If the banks were acting in good faith they would do the following:

  1. Respond to a TILA rescission notice with either acceptance and then acting in accordance with statute or a warning that they will file suit to vacate the rescission and that they will seek damages, attorneys fees and costs.
  2. File suit to vacate the rescission seeking injunctive and supplemental relief.

The whole reason the banks have never done that is that by filing suit they would need to establish legal standing — without the note or mortgage, both of which are void when the TILA rescission notice becomes effective. Standing could only be alleged by stating that the Plaintiff has been injured by the wrongful TILA rescission notice.

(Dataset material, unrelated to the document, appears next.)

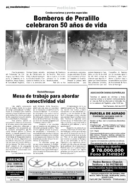 nueva; el Diputado de la te, Claudio Cumsille; Con- principal de la comuna ra Compañía de Peralillo. estímulos para algunos vi- dieron a desfilar frente a

So we are back at the beginning — in the end there is no standing in nearly all cases because the entire infrastructure is based upon fraud. This applies in foreclosure cases where courts have manufactured standing using presumptions of nonexistent facts. And it applies in what could be TILA rescission cases where the courts are assiduously avoiding any order vacating the Notice to Rescind.

5 Responses

  1. The eighth circuit has done it again! Previously,their decision in keiran vs Homecapital propelled Jesinoski to the supremes over the three year statute of repose. Now,the second time around,they have created new law ,in an insurmountable rebuttable presumption,where by the circuits own precedence,they decide that it has to be something extraordinary,as opposed to affidavits and evidence that disclosures were not delivered. Further ,they decide that the 20 days does not apply to banks, setting up a formula for stall tactics. Third,the panel ignores the text in regulation z on how to determine actual finance charges,which is the foundation of Tila ,itself. This circuit has a nasty precedence regarding the award of Tila rescission,as evidenced by Keiran vs Home capital,Jesinoski vs Countrywide, Peterson vs Bac, Sobieniak vs countrywide , etc…. this case is now in the en banc petition decision by the circuit,and could have devastating effects nationally,as well as in the circuit,because Jesinoski vs countrywide is stage directly behind Keiran,after being screened for Oral Argument with the exact same issues. See Keiran vs Homecapital , 15-3437, 8th cir. Petition ripping the panel to come

  2. My lawyer said the bank lost $30k in this Forclosere deal! What this has to do with me that modification deal was done in bad faith lost the house going thru pain and suffering

  3. Wish my situation just bad dream from all the bad faith I’ve been treated by Wells Fargo

  4. Servicers have 20 days to respond and file a lawsuit against the homeowner.